Thursday, October 18, 2012

Beauty is...

Subjective. Beauty is really subjective, and it differs from person to person. For example, when watching a commercial for face balm all I could think was, "wow, that model has gorgeous eyes and great angles on her face. So unique, I wish I could be blonde, etc" At which point Travis said out loud, "Why do they always use weird looking people on these commercials?"

I feel like in my previous blog I've written about this subject before. Yet, everyone appreciates being reminded that they are beautiful! Because well...we all are. Whether you have great eyes, great curves, or fabulous hair the most important beauty is within.

I love my future job. I had a client today that I have once a week and frankly, she was the only reason I didn't call in sick. Sciatica has hit my tiny little hips pretty hard. Yesterday after school Travis had to help me anytime I went from sitting to standing...or bending over. A good husband will rub his wife's hips, a great one will walk in the bathroom and help her stand up because she got stuck. Pinched nerves suck! Back to the story, this little lady who I see every week. She is so adorable, and I love to make her face just light up when she realizes she has a great hairstyle that will last till next week. She always gets the same thing, but because she is so thankful and so sweet, I really wouldn't mind.

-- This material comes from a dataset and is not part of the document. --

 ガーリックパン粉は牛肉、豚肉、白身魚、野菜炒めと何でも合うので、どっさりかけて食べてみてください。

I will have a job that solely focuses around beauty. How great do you feel after a sweet hairdo? Exactly. I don't have to focus on the worldly aspect either. I can simply remind someone what makes them beautiful, and for that I am grateful.

Look in the mirror. Now, smile. Instead of seeing flaws focus on everything anyone has told her looks great. I know that sounds hard, but if anyone at anytime(even if you've improved or digressed in your opinion) has ever told her you're beautiful try to see it. If you can't I'm sure I could find something for you, and if you're a stranger....call your mom. Moms always think their babies are beautiful. If your mom has never complimented you, then you need a hug because that is part of mom duties.

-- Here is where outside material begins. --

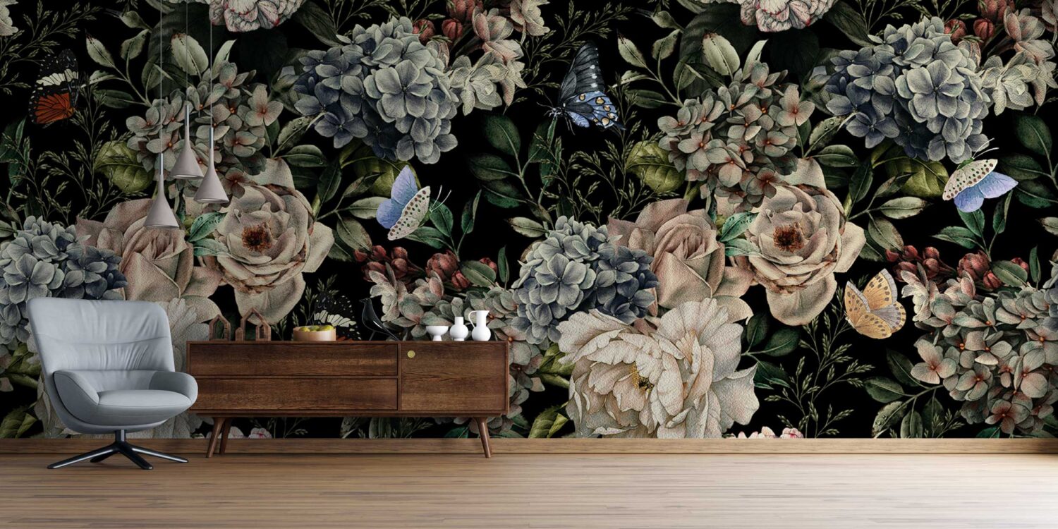 Koyu Renk Kelebekler ve Güller Duvar Kağıdı Duvar Kağıdı Ürün Bilgisi

You are awesome in some way. I promise. There is also someone who loves you. That I can promise too. Those are facts you can rely on.

Sincerely,
-Heather Rand.

P.S. I'd also like to make a shout out to four wonderful, beautiful people who graduated from school today. I will miss them soooo much, but plan on keeping in touch.(via facebook stalking)

The charming prince who on many occasions has brightened my mood simply because he is so happy and bubbly all the time. Even when his hair was a few shades too dark...so dark it's black. Who do you know that simply sighs about their hair turning out wrong? Seriously?! I would flip tables over that. Best laugh.

The mother whose only goal seems to be caring for all even the compulsive liars and mean people. More Christian than many of the Christians I know. Always so willing to give. There are like a billion things I could say about how awesome you are, but if I keep going I might cry at the thought of us not seeing each other again. So we will...this is not goodbye. This is tribute.

The sassy twin with perfect eye creases. Not to sound shallow, but if I ever need a model I will for sure call you first. You were also always good for a laugh especially when you were grumpy. To see an attitude on such a pretty person seems contradicting, and it kinda always made me smile when you got all *snap "Oh no she didn't." You are also very considerate with my feelings. Not wanting to call my belly huge because you were worried it might bother me. I like being considered.

And last, but certainly not least, the quiet one. But I know your secret....you weren't really a quiet, shy individual. You have such a sweet disposition, and you never seem to expect anything from anyone. Which makes giving you pie so awesome! You had opinions, but you were never so loud as to offend. Like me, you feel confrontation is the plague and avoid it as such. Thank goodness for that, huh? I wish I had been in class with you more because I don't feel I know you as well. I know you just enough to miss you though, and I feel like that counts.